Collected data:
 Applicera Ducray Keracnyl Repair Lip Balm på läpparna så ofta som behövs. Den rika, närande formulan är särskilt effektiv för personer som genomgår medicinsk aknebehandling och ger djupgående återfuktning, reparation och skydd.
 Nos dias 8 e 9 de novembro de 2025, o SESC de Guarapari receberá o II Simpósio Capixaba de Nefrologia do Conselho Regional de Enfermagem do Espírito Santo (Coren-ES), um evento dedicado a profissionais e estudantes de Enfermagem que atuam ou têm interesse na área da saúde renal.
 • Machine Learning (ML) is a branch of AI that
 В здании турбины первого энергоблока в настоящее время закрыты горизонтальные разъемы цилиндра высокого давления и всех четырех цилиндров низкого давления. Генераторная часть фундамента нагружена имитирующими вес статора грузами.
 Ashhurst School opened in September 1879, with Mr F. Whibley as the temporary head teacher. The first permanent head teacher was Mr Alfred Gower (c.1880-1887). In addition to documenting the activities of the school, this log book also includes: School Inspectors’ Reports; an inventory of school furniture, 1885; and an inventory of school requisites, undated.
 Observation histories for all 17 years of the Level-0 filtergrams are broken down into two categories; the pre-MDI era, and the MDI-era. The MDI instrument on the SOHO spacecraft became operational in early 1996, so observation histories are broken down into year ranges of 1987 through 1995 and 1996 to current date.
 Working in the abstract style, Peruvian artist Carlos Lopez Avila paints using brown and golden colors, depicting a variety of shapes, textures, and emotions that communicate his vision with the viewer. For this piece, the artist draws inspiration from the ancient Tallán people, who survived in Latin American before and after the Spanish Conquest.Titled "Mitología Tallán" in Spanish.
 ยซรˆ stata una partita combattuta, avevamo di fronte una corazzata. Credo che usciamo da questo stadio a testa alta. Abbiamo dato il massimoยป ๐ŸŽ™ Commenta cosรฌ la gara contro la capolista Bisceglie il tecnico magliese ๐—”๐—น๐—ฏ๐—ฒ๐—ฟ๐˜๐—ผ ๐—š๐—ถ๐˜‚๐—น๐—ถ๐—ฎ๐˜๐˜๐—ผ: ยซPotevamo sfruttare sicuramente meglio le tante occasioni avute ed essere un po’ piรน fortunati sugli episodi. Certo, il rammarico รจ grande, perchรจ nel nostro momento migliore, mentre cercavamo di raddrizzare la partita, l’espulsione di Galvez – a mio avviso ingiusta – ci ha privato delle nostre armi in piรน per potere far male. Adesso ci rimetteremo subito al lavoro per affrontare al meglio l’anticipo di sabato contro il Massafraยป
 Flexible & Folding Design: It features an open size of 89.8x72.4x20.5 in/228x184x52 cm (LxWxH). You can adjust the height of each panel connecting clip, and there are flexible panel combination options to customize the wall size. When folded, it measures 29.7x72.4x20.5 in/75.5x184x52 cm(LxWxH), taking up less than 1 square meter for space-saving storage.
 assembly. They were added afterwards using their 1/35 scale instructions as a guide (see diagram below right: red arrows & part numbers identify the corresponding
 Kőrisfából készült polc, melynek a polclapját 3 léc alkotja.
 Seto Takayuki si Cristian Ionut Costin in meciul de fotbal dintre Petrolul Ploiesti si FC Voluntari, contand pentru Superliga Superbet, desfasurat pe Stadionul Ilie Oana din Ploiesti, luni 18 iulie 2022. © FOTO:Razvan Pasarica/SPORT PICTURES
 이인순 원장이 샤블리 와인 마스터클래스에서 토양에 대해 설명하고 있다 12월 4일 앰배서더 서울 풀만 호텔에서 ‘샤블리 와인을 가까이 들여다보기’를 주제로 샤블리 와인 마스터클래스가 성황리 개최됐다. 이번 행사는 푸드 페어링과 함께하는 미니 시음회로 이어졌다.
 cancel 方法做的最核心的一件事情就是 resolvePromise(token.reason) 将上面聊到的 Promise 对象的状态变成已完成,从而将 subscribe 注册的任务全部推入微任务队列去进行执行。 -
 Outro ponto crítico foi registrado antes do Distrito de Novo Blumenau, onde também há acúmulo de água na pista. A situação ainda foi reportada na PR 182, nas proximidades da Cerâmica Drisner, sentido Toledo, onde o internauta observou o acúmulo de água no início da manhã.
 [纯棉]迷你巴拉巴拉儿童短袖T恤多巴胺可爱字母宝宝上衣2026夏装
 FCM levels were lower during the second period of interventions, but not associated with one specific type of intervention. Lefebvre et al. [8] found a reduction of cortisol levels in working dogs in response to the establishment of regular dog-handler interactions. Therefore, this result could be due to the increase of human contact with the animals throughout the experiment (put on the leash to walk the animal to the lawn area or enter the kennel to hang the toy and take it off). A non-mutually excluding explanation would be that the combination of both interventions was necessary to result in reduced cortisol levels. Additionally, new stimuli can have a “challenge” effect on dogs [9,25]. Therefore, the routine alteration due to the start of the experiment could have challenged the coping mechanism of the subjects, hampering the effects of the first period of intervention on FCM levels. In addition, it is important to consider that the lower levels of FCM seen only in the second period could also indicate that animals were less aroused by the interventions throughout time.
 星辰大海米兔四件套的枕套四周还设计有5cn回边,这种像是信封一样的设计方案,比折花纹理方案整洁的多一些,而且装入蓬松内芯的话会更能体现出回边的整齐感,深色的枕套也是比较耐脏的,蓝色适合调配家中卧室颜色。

— Problem requirements —
Could you repeat every record word for word?

— Task result —
 Applicera Ducray Keracnyl Repair Lip Balm på läpparna så ofta som behövs. Den rika, närande formulan är särskilt effektiv för personer som genomgår medicinsk aknebehandling och ger djupgående återfuktning, reparation och skydd.
 Nos dias 8 e 9 de novembro de 2025, o SESC de Guarapari receberá o II Simpósio Capixaba de Nefrologia do Conselho Regional de Enfermagem do Espírito Santo (Coren-ES), um evento dedicado a profissionais e estudantes de Enfermagem que atuam ou têm interesse na área da saúde renal.
 • Machine Learning (ML) is a branch of AI that
 В здании турбины первого энергоблока в настоящее время закрыты горизонтальные разъемы цилиндра высокого давления и всех четырех цилиндров низкого давления. Генераторная часть фундамента нагружена имитирующими вес статора грузами.
 Ashhurst School opened in September 1879, with Mr F. Whibley as the temporary head teacher. The first permanent head teacher was Mr Alfred Gower (c.1880-1887). In addition to documenting the activities of the school, this log book also includes: School Inspectors’ Reports; an inventory of school furniture, 1885; and an inventory of school requisites, undated.
 Observation histories for all 17 years of the Level-0 filtergrams are broken down into two categories; the pre-MDI era, and the MDI-era. The MDI instrument on the SOHO spacecraft became operational in early 1996, so observation histories are broken down into year ranges of 1987 through 1995 and 1996 to current date.
 Working in the abstract style, Peruvian artist Carlos Lopez Avila paints using brown and golden colors, depicting a variety of shapes, textures, and emotions that communicate his vision with the viewer. For this piece, the artist draws inspiration from the ancient Tallán people, who survived in Latin American before and after the Spanish Conquest.Titled "Mitología Tallán" in Spanish.
 ยซรˆ stata una partita combattuta, avevamo di fronte una corazzata. Credo che usciamo da questo stadio a testa alta. Abbiamo dato il massimoยป ๐ŸŽ™ Commenta cosรฌ la gara contro la capolista Bisceglie il tecnico magliese ๐—”๐—น๐—ฏ๐—ฒ๐—ฟ๐˜๐—ผ ๐—š๐—ถ๐˜‚๐—น๐—ถ๐—ฎ๐˜๐˜๐—ผ: ยซPotevamo sfruttare sicuramente meglio le tante occasioni avute ed essere un po’ piรน fortunati sugli episodi. Certo, il rammarico รจ grande, perchรจ nel nostro momento migliore, mentre cercavamo di raddrizzare la partita, l’espulsione di Galvez – a mio avviso ingiusta – ci ha privato delle nostre armi in piรน per potere far male. Adesso ci rimetteremo subito al lavoro per affrontare al meglio l’anticipo di sabato contro il Massafraยป
 Flexible & Folding Design: It features an open size of 89.8x72.4x20.5 in/228x184x52 cm (LxWxH). You can adjust the height of each panel connecting clip, and there are flexible panel combination options to customize the wall size. When folded, it measures 29.7x72.4x20.5 in/75.5x184x52 cm(LxWxH), taking up less than 1 square meter for space-saving storage.
 assembly. They were added afterwards using their 1/35 scale instructions as a guide (see diagram below right: red arrows & part numbers identify the corresponding
 Kőrisfából készült polc, melynek a polclapját 3 léc alkotja.
 Seto Takayuki si Cristian Ionut Costin in meciul de fotbal dintre Petrolul Ploiesti si FC Voluntari, contand pentru Superliga Superbet, desfasurat pe Stadionul Ilie Oana din Ploiesti, luni 18 iulie 2022. © FOTO:Razvan Pasarica/SPORT PICTURES
 이인순 원장이 샤블리 와인 마스터클래스에서 토양에 대해 설명하고 있다 12월 4일 앰배서더 서울 풀만 호텔에서 ‘샤블리 와인을 가까이 들여다보기’를 주제로 샤블리 와인 마스터클래스가 성황리 개최됐다. 이번 행사는 푸드 페어링과 함께하는 미니 시음회로 이어졌다.
 cancel 方法做的最核心的一件事情就是 resolvePromise(token.reason) 将上面聊到的 Promise 对象的状态变成已完成,从而将 subscribe 注册的任务全部推入微任务队列去进行执行。 -
 Outro ponto crítico foi registrado antes do Distrito de Novo Blumenau, onde também há acúmulo de água na pista. A situação ainda foi reportada na PR 182, nas proximidades da Cerâmica Drisner, sentido Toledo, onde o internauta observou o acúmulo de água no início da manhã.
 [纯棉]迷你巴拉巴拉儿童短袖T恤多巴胺可爱字母宝宝上衣2026夏装
 FCM levels were lower during the second period of interventions, but not associated with one specific type of intervention. Lefebvre et al. [8] found a reduction of cortisol levels in working dogs in response to the establishment of regular dog-handler interactions. Therefore, this result could be due to the increase of human contact with the animals throughout the experiment (put on the leash to walk the animal to the lawn area or enter the kennel to hang the toy and take it off). A non-mutually excluding explanation would be that the combination of both interventions was necessary to result in reduced cortisol levels. Additionally, new stimuli can have a “challenge” effect on dogs [9,25]. Therefore, the routine alteration due to the start of the experiment could have challenged the coping mechanism of the subjects, hampering the effects of the first period of intervention on FCM levels. In addition, it is important to consider that the lower levels of FCM seen only in the second period could also indicate that animals were less aroused by the interventions throughout time.
 星辰大海米兔四件套的枕套四周还设计有5cn回边,这种像是信封一样的设计方案,比折花纹理方案整洁的多一些,而且装入蓬松内芯的话会更能体现出回边的整齐感,深色的枕套也是比较耐脏的,蓝色适合调配家中卧室颜色。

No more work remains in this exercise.